• Try it:
Every line from the one holding "Власти Ашхабада активизировали" through the one holding "宜宾后街原是平平无奇的砖面墙" in the data below must be returned exactly, both ends included, with pictures left out and nothing else added.

• Items from a dataset:
★ ★ ★ ★
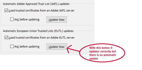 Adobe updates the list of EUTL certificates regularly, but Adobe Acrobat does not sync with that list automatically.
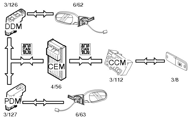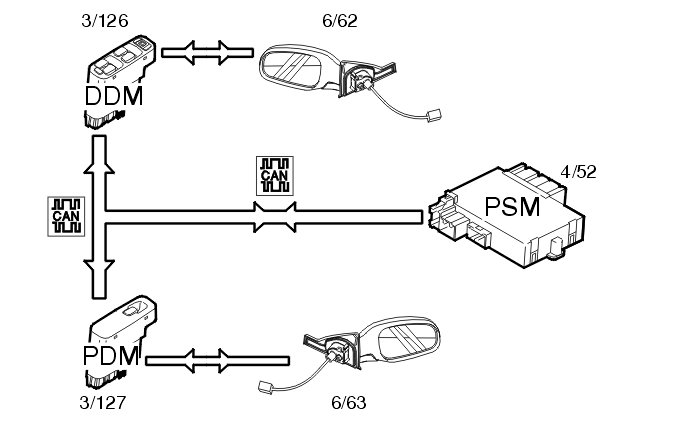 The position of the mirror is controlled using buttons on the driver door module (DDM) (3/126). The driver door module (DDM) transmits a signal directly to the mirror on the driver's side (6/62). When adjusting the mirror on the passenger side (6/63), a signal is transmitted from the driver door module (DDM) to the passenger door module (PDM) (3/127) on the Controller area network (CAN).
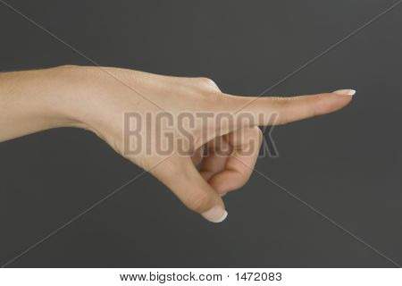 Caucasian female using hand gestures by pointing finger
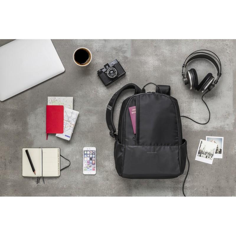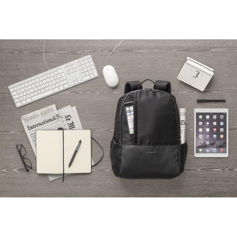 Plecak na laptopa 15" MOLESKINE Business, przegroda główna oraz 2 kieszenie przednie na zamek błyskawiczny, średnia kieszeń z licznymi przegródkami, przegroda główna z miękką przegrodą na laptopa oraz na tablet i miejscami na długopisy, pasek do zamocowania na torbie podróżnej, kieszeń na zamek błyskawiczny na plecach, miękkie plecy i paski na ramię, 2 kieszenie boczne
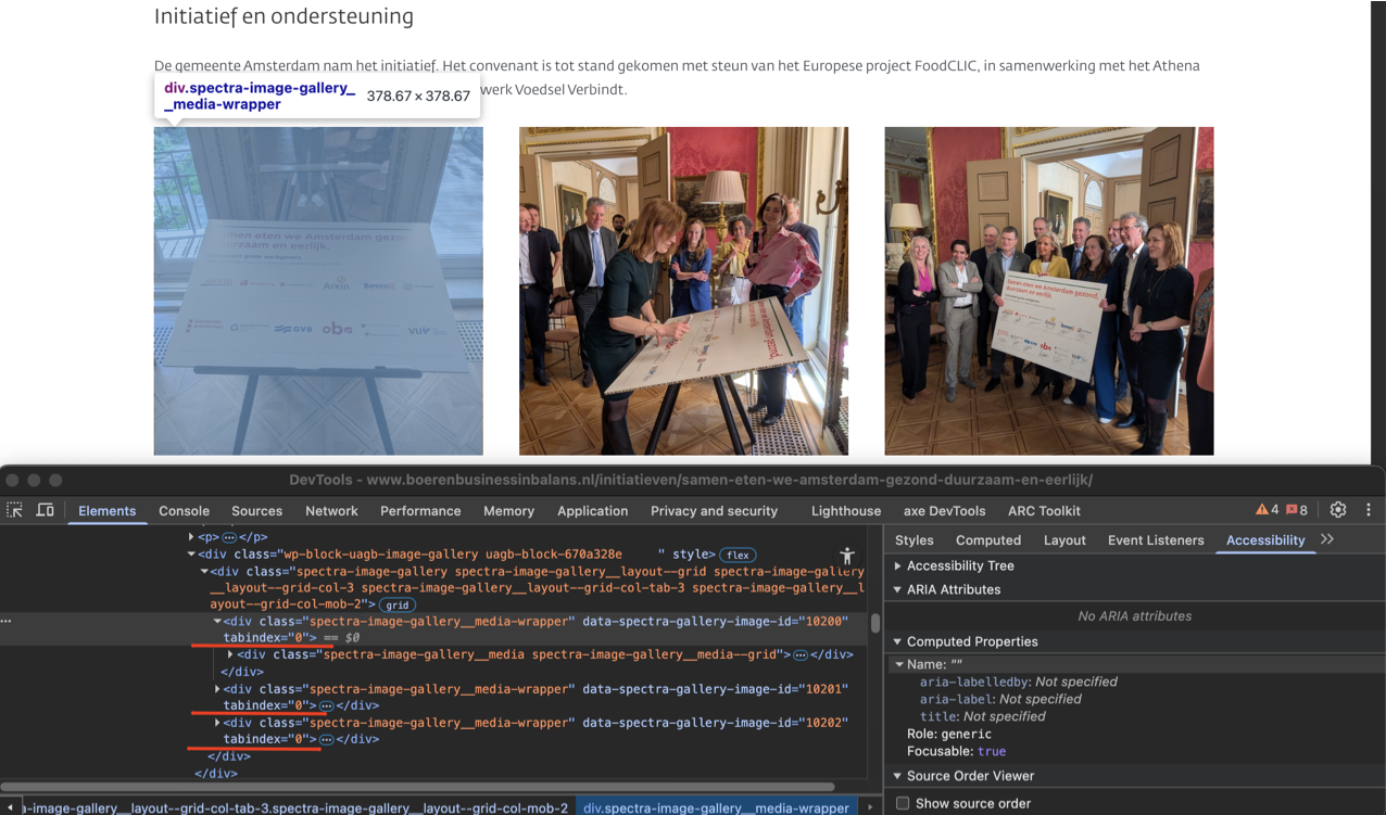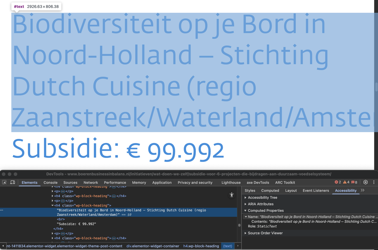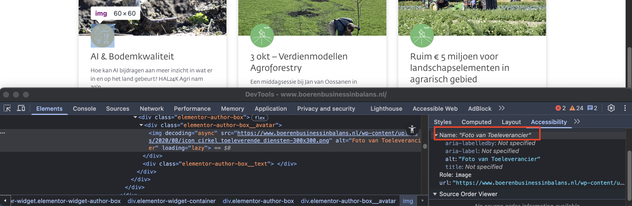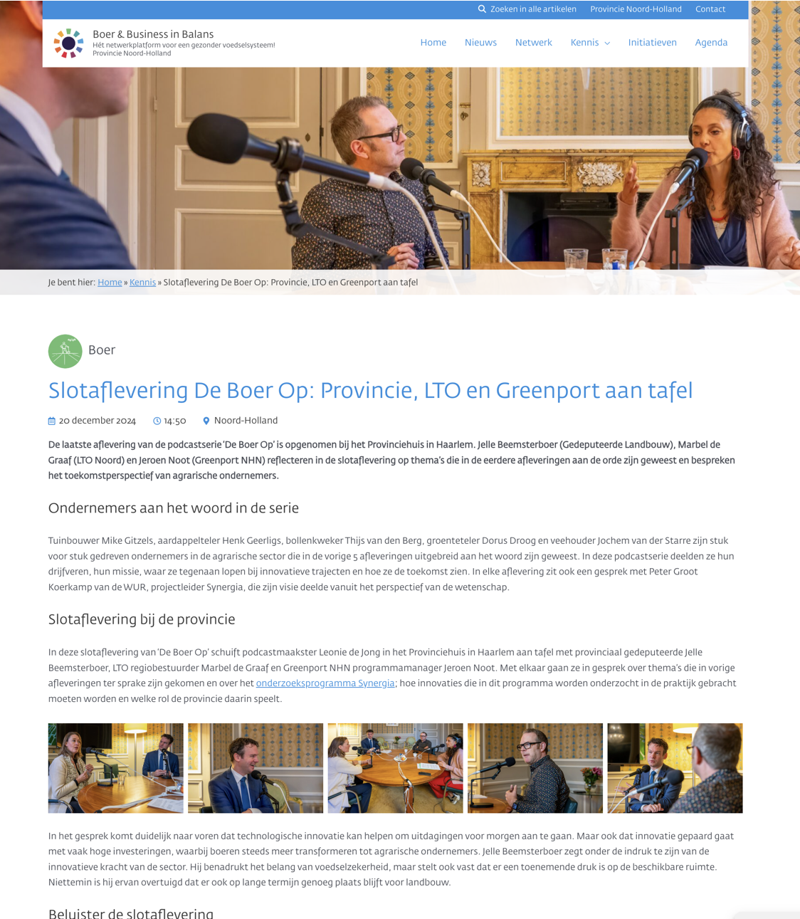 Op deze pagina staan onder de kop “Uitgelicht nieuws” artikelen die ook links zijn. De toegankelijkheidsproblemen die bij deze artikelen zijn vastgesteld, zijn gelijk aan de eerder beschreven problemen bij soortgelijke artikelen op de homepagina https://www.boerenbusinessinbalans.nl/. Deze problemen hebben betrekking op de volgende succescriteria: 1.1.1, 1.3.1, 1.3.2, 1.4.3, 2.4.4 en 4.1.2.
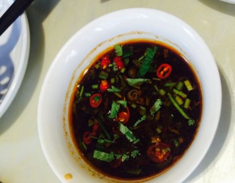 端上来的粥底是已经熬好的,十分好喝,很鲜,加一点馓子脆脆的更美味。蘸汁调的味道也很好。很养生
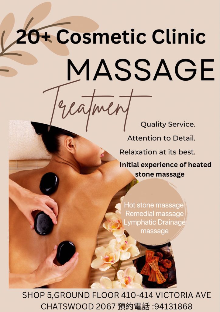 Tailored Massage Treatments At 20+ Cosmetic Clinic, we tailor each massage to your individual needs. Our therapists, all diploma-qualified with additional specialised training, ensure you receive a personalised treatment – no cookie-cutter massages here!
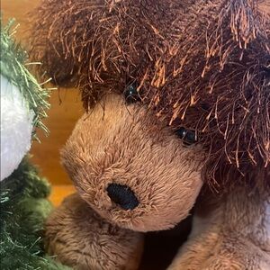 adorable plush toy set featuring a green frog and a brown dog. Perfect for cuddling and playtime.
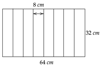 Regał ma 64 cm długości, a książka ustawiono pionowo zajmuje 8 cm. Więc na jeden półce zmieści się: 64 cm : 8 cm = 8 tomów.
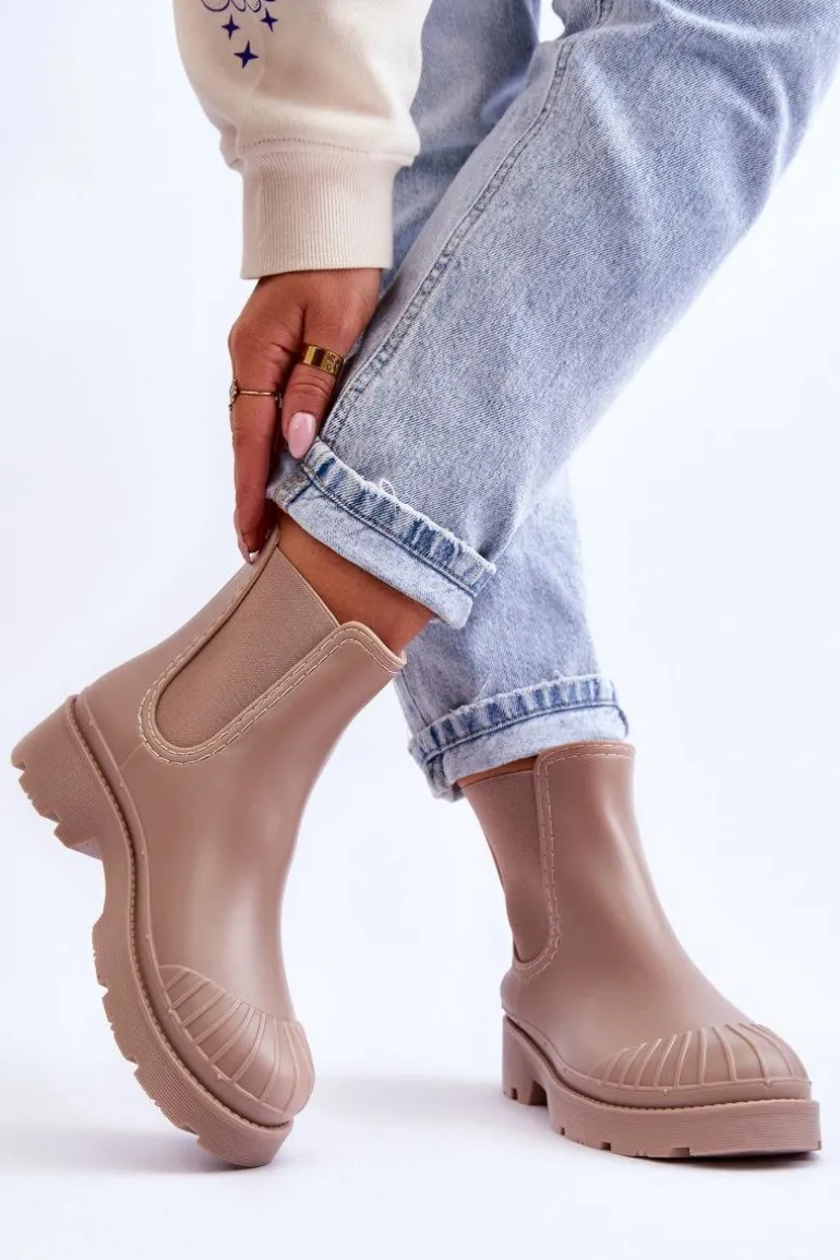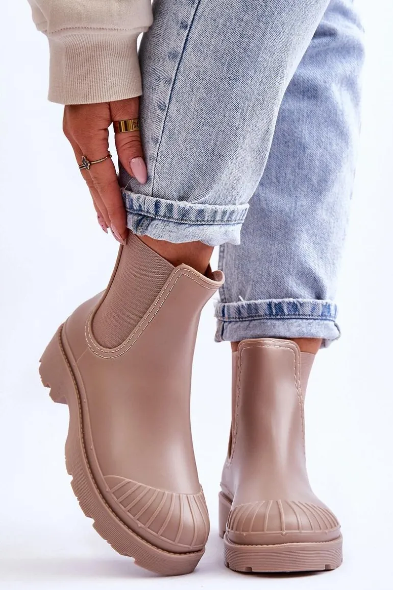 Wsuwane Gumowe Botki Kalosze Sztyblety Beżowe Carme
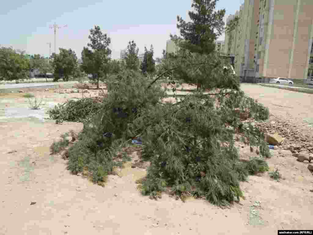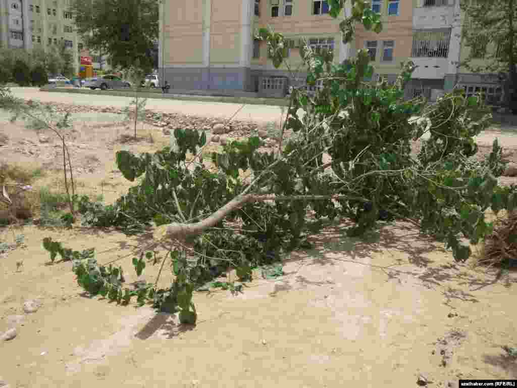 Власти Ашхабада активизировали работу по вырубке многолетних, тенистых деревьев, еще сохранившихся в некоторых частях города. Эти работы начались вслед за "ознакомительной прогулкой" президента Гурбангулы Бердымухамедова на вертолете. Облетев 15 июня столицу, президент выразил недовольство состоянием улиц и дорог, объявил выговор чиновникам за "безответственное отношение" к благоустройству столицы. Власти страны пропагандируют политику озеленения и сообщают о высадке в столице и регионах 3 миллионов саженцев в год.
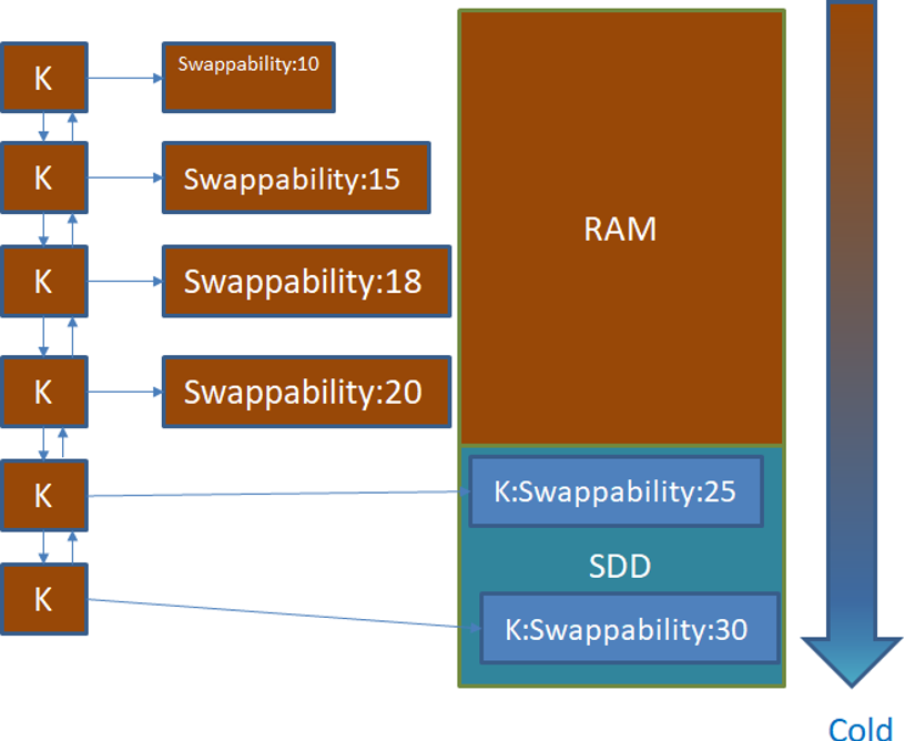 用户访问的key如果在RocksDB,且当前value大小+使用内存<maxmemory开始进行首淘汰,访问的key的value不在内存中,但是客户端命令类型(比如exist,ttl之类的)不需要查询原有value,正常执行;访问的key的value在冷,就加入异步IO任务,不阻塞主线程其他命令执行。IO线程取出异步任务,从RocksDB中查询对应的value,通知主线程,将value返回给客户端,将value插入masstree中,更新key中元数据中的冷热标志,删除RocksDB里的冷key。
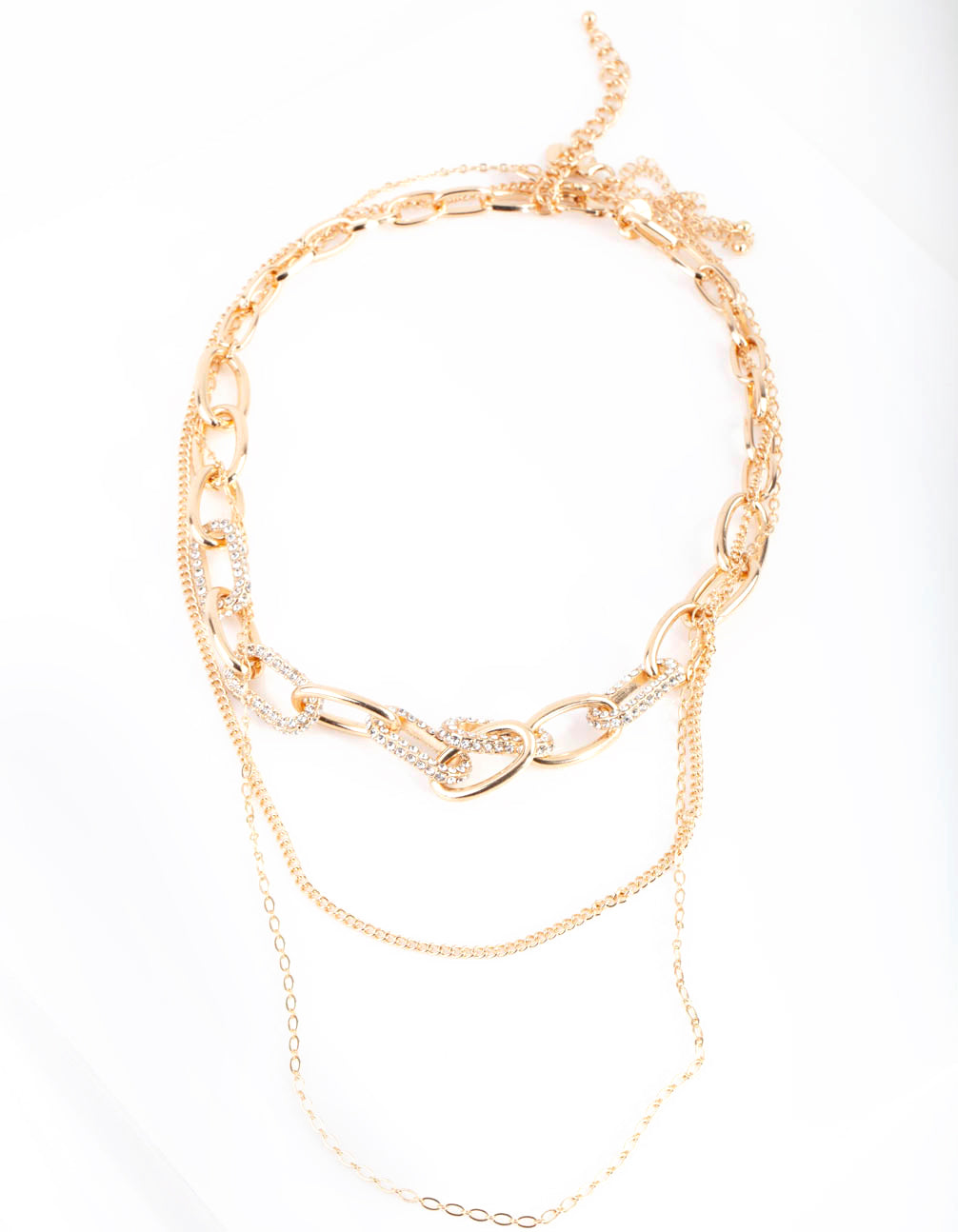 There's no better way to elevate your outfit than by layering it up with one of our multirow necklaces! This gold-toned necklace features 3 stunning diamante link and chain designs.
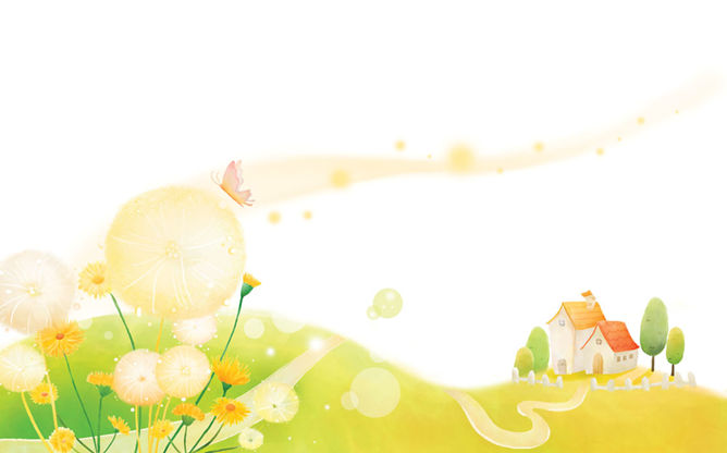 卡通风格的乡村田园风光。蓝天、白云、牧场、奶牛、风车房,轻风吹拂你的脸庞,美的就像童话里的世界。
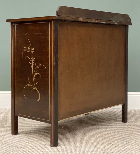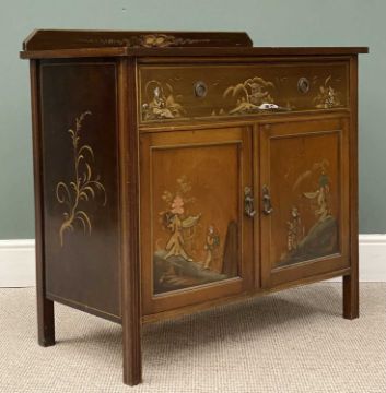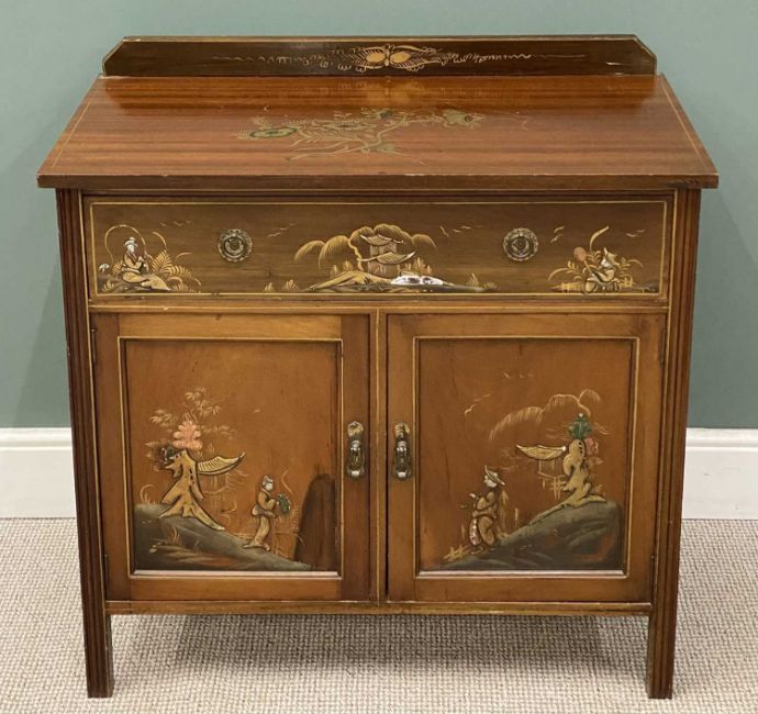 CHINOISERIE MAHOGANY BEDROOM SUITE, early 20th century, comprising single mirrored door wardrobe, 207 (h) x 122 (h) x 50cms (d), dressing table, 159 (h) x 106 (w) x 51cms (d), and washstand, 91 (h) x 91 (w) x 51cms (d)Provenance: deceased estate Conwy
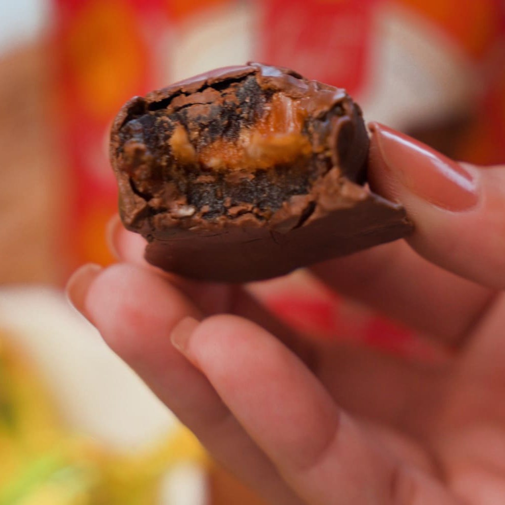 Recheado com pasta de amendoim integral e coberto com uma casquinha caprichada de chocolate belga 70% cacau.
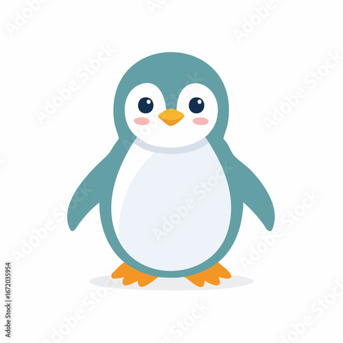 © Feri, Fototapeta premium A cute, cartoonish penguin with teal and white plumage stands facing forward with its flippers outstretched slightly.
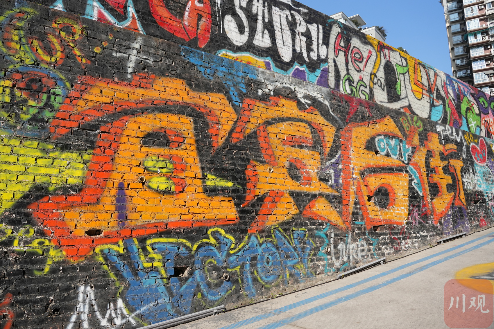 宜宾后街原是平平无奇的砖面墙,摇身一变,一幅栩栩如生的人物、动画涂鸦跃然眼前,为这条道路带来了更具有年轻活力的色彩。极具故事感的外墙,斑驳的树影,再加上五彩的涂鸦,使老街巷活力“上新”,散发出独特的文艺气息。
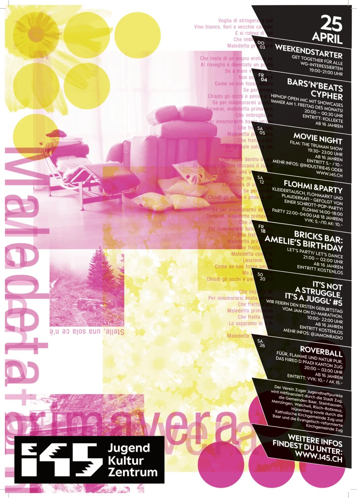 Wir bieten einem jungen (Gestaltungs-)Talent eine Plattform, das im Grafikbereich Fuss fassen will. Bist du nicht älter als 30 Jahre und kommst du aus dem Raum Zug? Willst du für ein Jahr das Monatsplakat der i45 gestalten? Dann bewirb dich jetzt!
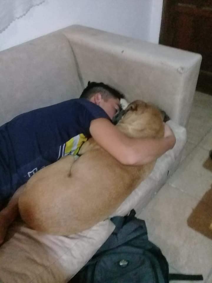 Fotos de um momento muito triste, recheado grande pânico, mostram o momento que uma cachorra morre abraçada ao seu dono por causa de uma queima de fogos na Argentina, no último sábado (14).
★ ★ ★ ★
• Response to this task:
 Власти Ашхабада активизировали работу по вырубке многолетних, тенистых деревьев, еще сохранившихся в некоторых частях города. Эти работы начались вслед за "ознакомительной прогулкой" президента Гурбангулы Бердымухамедова на вертолете. Облетев 15 июня столицу, президент выразил недовольство состоянием улиц и дорог, объявил выговор чиновникам за "безответственное отношение" к благоустройству столицы. Власти страны пропагандируют политику озеленения и сообщают о высадке в столице и регионах 3 миллионов саженцев в год.
 用户访问的key如果在RocksDB,且当前value大小+使用内存<maxmemory开始进行首淘汰,访问的key的value不在内存中,但是客户端命令类型(比如exist,ttl之类的)不需要查询原有value,正常执行;访问的key的value在冷,就加入异步IO任务,不阻塞主线程其他命令执行。IO线程取出异步任务,从RocksDB中查询对应的value,通知主线程,将value返回给客户端,将value插入masstree中,更新key中元数据中的冷热标志,删除RocksDB里的冷key。
 There's no better way to elevate your outfit than by layering it up with one of our multirow necklaces! This gold-toned necklace features 3 stunning diamante link and chain designs.
 卡通风格的乡村田园风光。蓝天、白云、牧场、奶牛、风车房,轻风吹拂你的脸庞,美的就像童话里的世界。
 CHINOISERIE MAHOGANY BEDROOM SUITE, early 20th century, comprising single mirrored door wardrobe, 207 (h) x 122 (h) x 50cms (d), dressing table, 159 (h) x 106 (w) x 51cms (d), and washstand, 91 (h) x 91 (w) x 51cms (d)Provenance: deceased estate Conwy
 Recheado com pasta de amendoim integral e coberto com uma casquinha caprichada de chocolate belga 70% cacau.
 © Feri, Fototapeta premium A cute, cartoonish penguin with teal and white plumage stands facing forward with its flippers outstretched slightly.
 宜宾后街原是平平无奇的砖面墙,摇身一变,一幅栩栩如生的人物、动画涂鸦跃然眼前,为这条道路带来了更具有年轻活力的色彩。极具故事感的外墙,斑驳的树影,再加上五彩的涂鸦,使老街巷活力“上新”,散发出独特的文艺气息。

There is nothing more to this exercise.